Ariad executives expressed confidence that Iclusig eventually would return to the market under a narrower label than what was previously approved. Berger said Ariad has shared information with other regulatory bodies around the world. “We’ve been completely transparent with each of them over the past several weeks with available information about the safety of Iclusig,” Berger said. “It’s too early to know exactly how the EMA and European countries will react to our decision to suspend marketing in the U.S. We are not suspending marketing anywhere other than the U.S.”

The company said it did not yet have any information on whether further studies would be necessary, or what the path forward would be. “There hasn’t been guidance given to us,” Berger said. “We are definitely going to enroll patients in trials of one type or another at lower doses. More than that, I can’t make any comment. We haven’t reached any decisions.”
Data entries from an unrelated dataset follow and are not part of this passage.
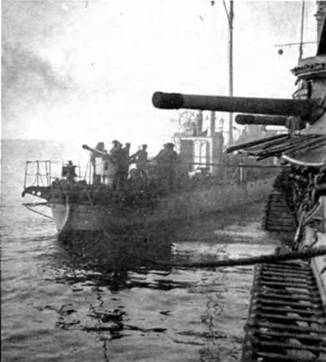 При стрельбе “Гебена” наблюдалось превосходство материальной части его артиллерии – немцы добились большей кучности падений снарядов и хорошей скорострельности. Однако ни одного попадания противник не добился, хотя, как сообщалось в рапорте командованию, его “снаряды рвались столь близко от корабля (“Евстафия”,-JI.K), что на палубе и спардеке было найдено более 30 штук осколков”. Корпус линкора испытывал в бою настолько сильные сотрясения, что А.А. Эбергард несколько раз посылал старшего офицера осмотреть нижние помещения, чтобы убедиться, не получил ли корабль пробоины.
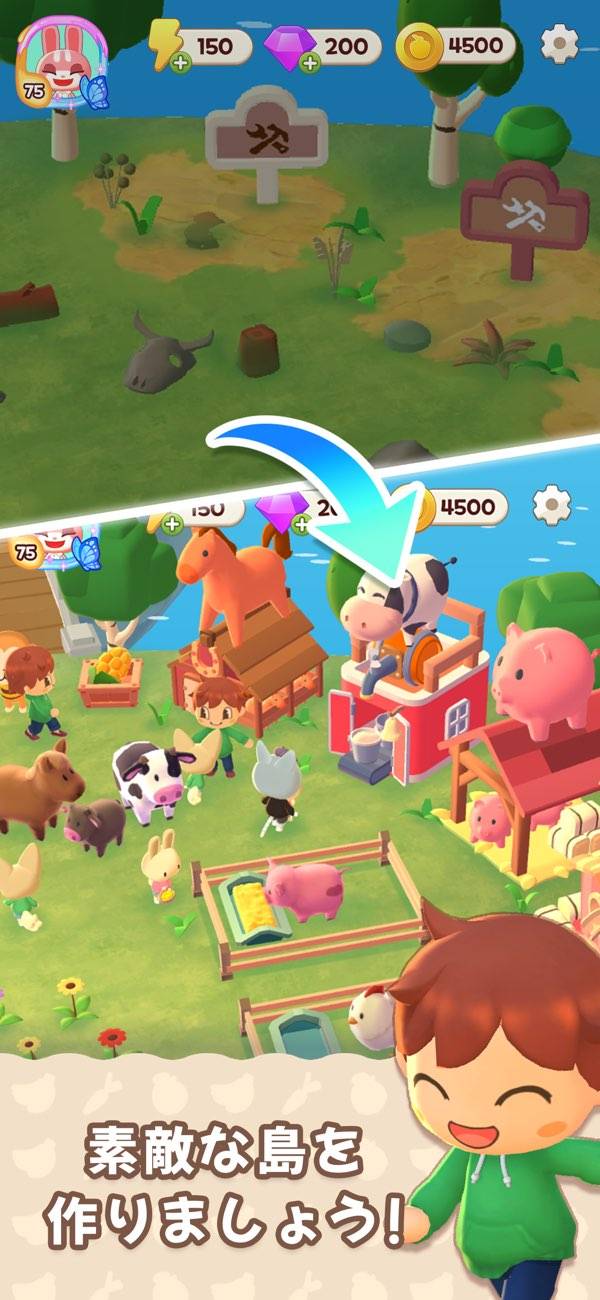 荒れ果てた島に建物を増やし、自分だけのキャンプ場を作っていきましょう。建物を増やすと、建設に使うお金などが時間経過で手に入るようになります。どんどん島がにぎやかになっていく様子が楽しめるでしょう。
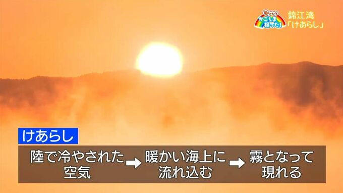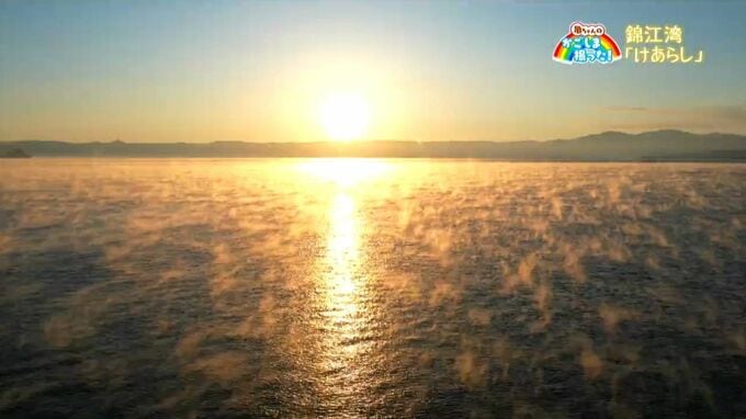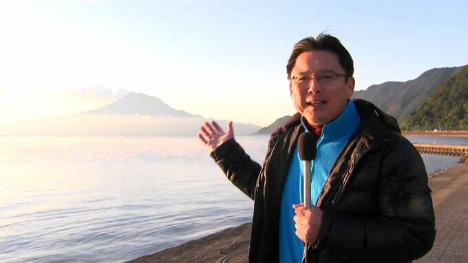 (亀田気象予報士)「手がかじかむような寒さですけれども、けあらしの上に浮かぶ桜島、格別です」
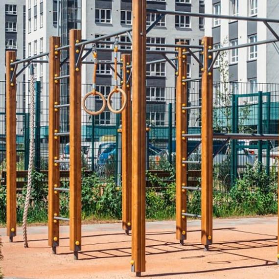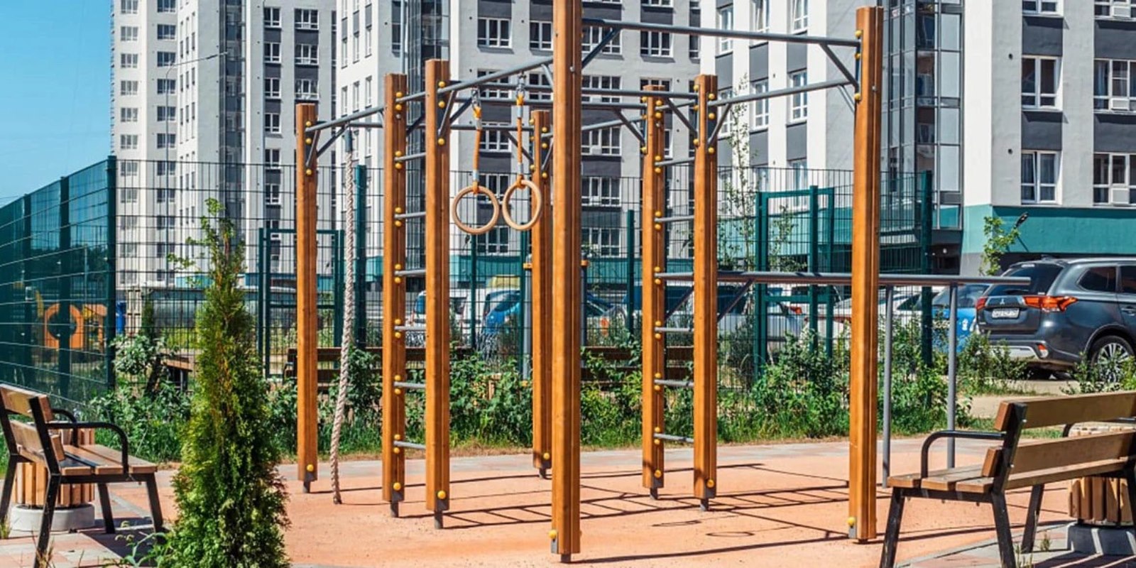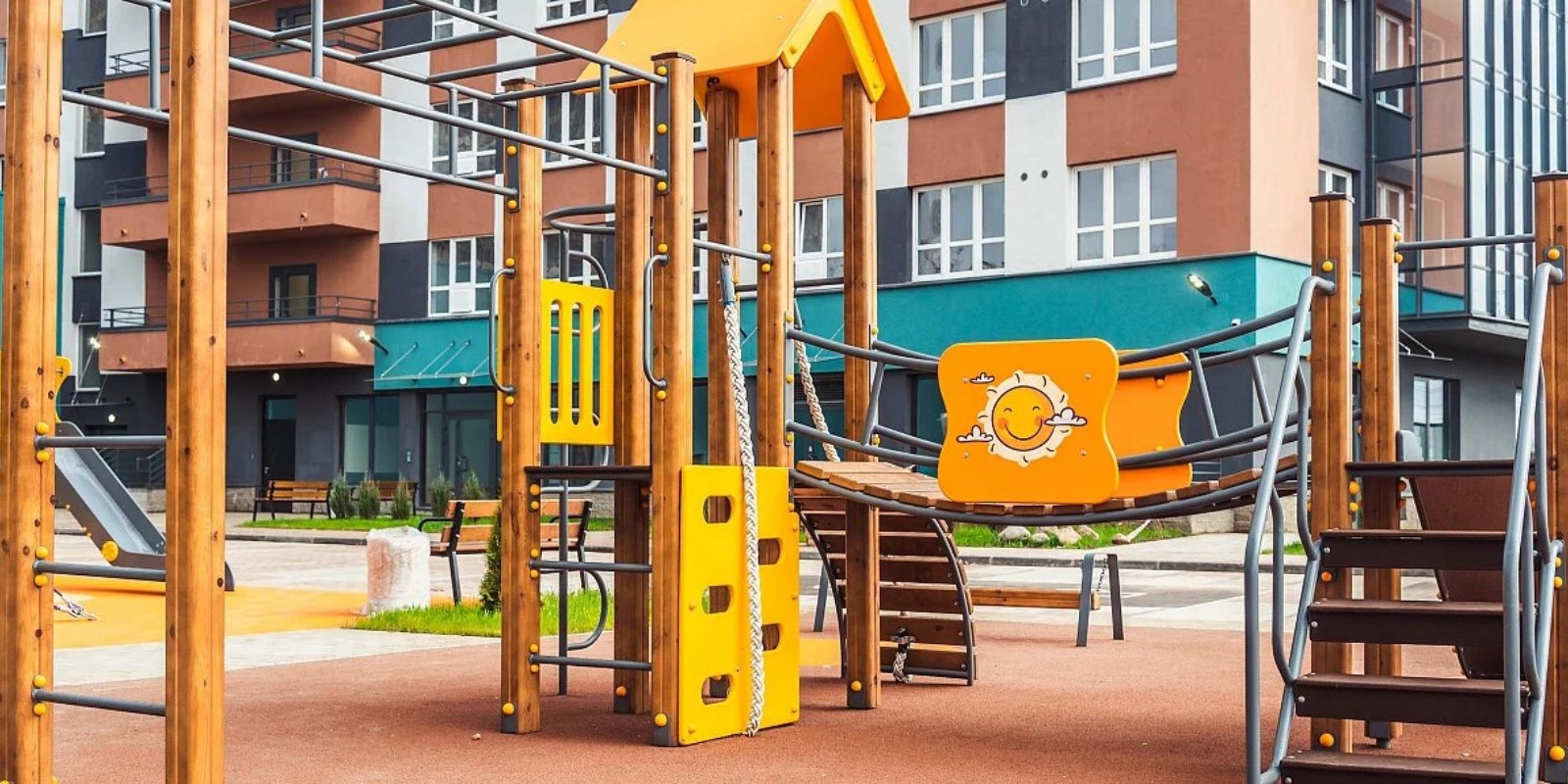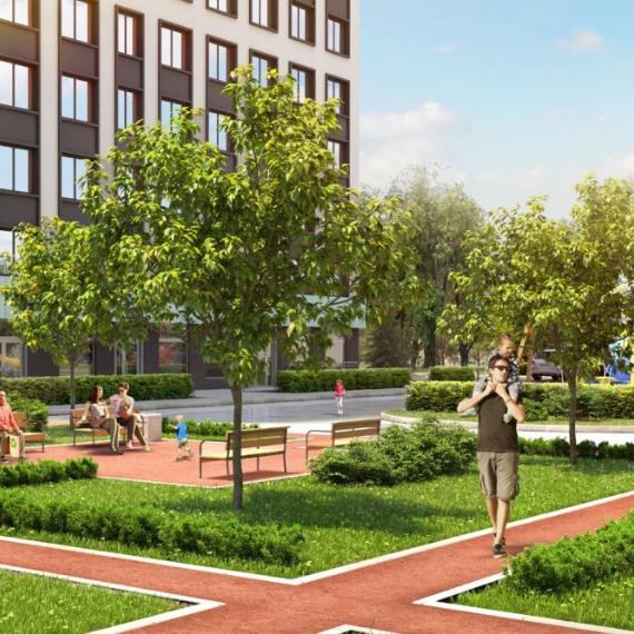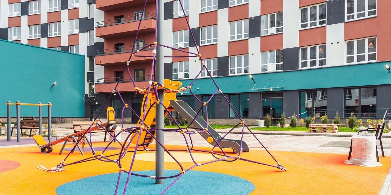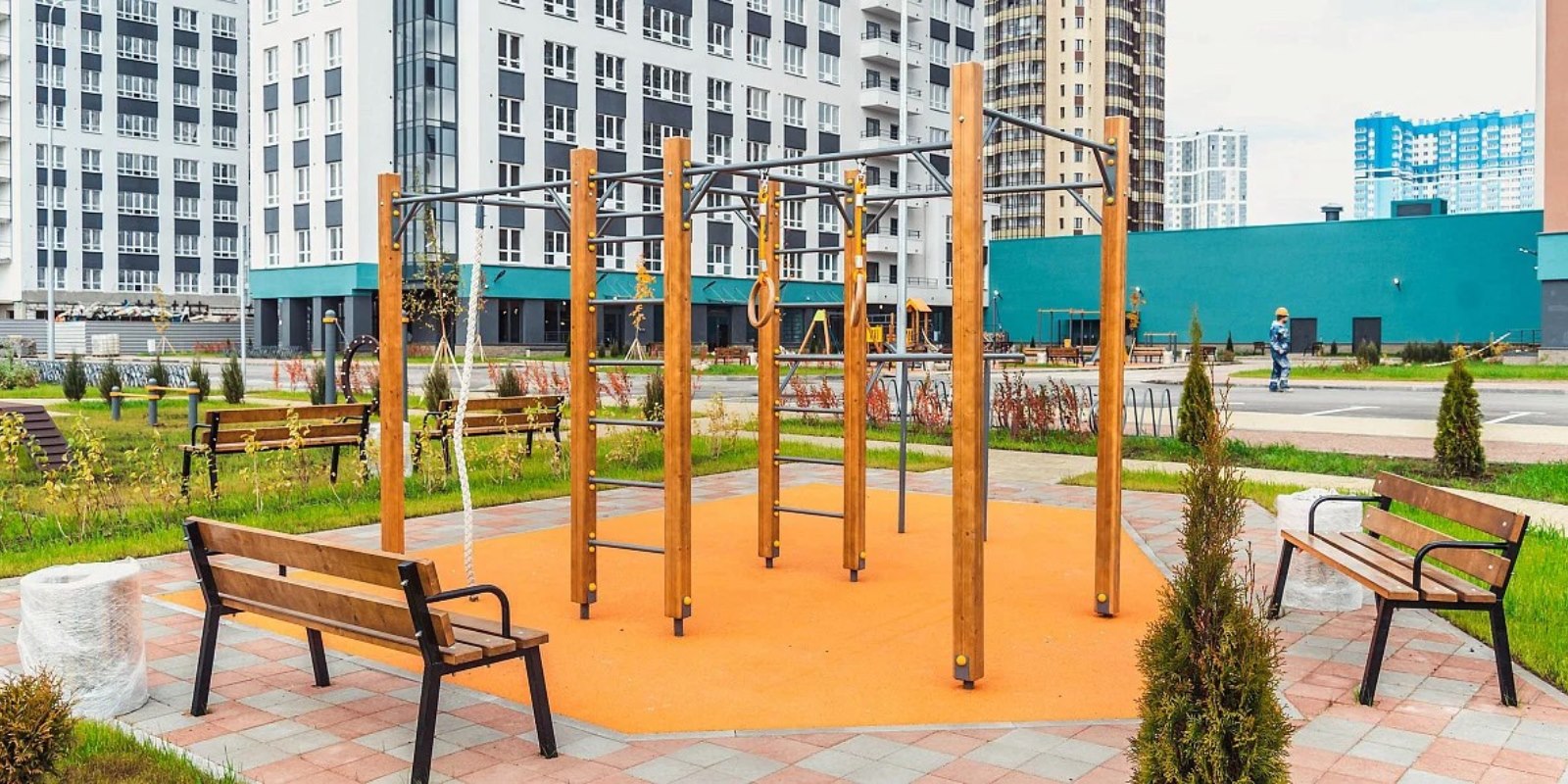Три дворовые зоны соединены в единую благоустроенную и безопасную территорию. В каждой есть игровые площадки для детей дошкольного и школьного возраста, спортивные площадки с тренажерами, баскетбольным кольцом, место для игры в бадминтон.

Analyst opinion, however, was largely negative. “If negotiations around an updated label were going to be resolved quickly, then it’s probably unlikely the suspension would have been implemented in the first place,” wrote JP Morgan analyst Cory Kasimov.

Outside of Iclusig, Ariad is developing AP26113 for ALK-positive non-small-cell lung cacer, and that drug has shown activity, with a 65 percent overall response rate. But much of the company’s value is perceived to reside in Iclusig.